WHAT YOU HAVE TO DO ▸ Throughout the listing that follows, find each line with the word "الخماش" and copy it.

DATA FOR THIS TASK ▸
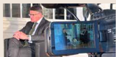
Boris Rhein, Ministerpräsident Hessen, im Interview mit rheinmaintv

Hessen verfolgt und wie er sich die Wahl zum Ministerpräsidenten im nächsten Jahr sichern will. Boris Rhein ist der „Neue“ an Hessens Spitze. Der in Frankfurt geborene CDU-Politiker ist seit dem 31. Mai 2022 hessischer Ministerpräsident. Allerdings kein Neuling im Hessischen Landtag, war er doch zuvor - seit 2019 Präsident - desselbigen. Die Landespolitik ist ihm vertraut, bereits 1999 wurde er Mitglied des Landtags. Es folgten Stationen als Staatssekretär im Hessischen Ministerium des Innern und für Sport, als Minister des Inneren und für Sport und als Minister für Wissenschaft und Kunst. Boris Rhein lebt mit seiner Frau und den beiden Söhnen in Frankfurt, wo er 2012 die Stichwahl zur Oberbürgermeisterwahl gegen Peter Feldmann verlor.
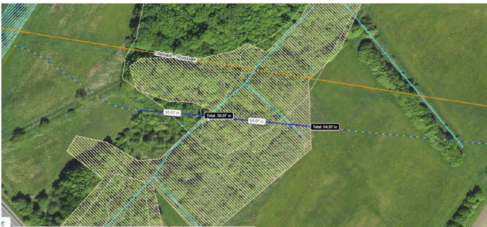
Figur 2 Krydsningspunkt i Lindved Å (stiplet linje). Skraveret areal er beskyttet mose. Udsnit er fra Faaborg-Midtfyn Kommunes tilladelse af 16. marts 2020.
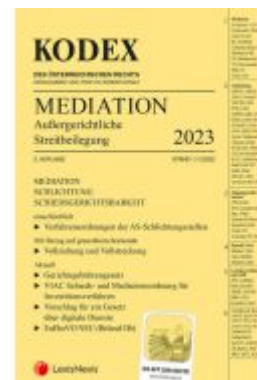
KODEX Mediation 2023 Ladenpreis: 32,00EUR
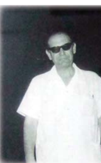
● الخماش مع تلميذة عبد الملك الكريم

كان مجموع ما لحنه الخماش من موشحات للفرقة ما يقارب الأربعين موشحاً. إضافة إلى تدريب الفرقة على العشرات من الموشحات العربية والاندلسية المشهور، فضلاً عن أغنيات
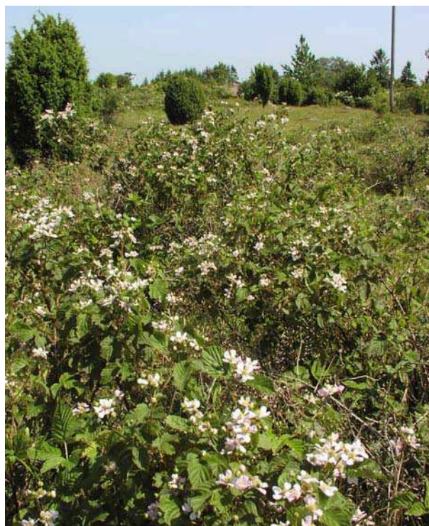
Björnbärssnår på Önnestövs fälad

Odlingsrösen i fäladsmarken vittnar om äldre tiders åkerbruk
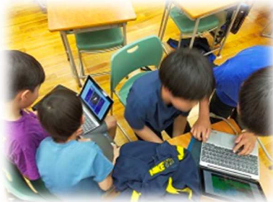
プログラミング しょうず 上手だね
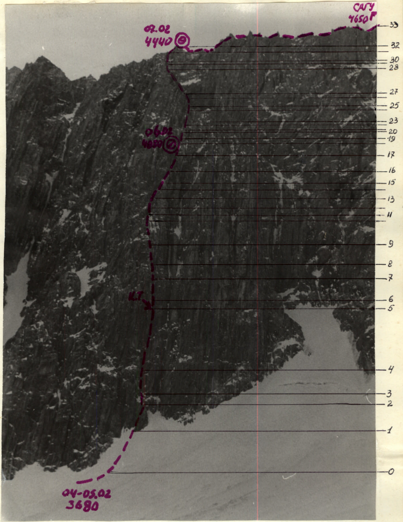
Общий вид маршрута первопрохождения на в.Сагу по левой части С.-З.стены и С.гребню
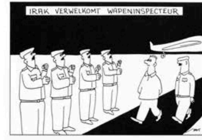
Grote Prijs 2003 - Grand Prix 2003

Ondervraagd over de verboden dopingproducten in zijn besit, beweert wielrenner Frank Vandenbroucke dat ze voor zijn hond bestemd zijn. Interrogé sur la présence à son domicile de produits dopants, le cycliste Fr. Vandenbroucke prétend qu'ils sont destinés à son chien.
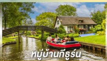
หมู่บ้านทีรูร์น

SOLVED EXERCISE ▸
● الخماش مع تلميذة عبد الملك الكريم
كان مجموع ما لحنه الخماش من موشحات للفرقة ما يقارب الأربعين موشحاً. إضافة إلى تدريب الفرقة على العشرات من الموشحات العربية والاندلسية المشهور، فضلاً عن أغنيات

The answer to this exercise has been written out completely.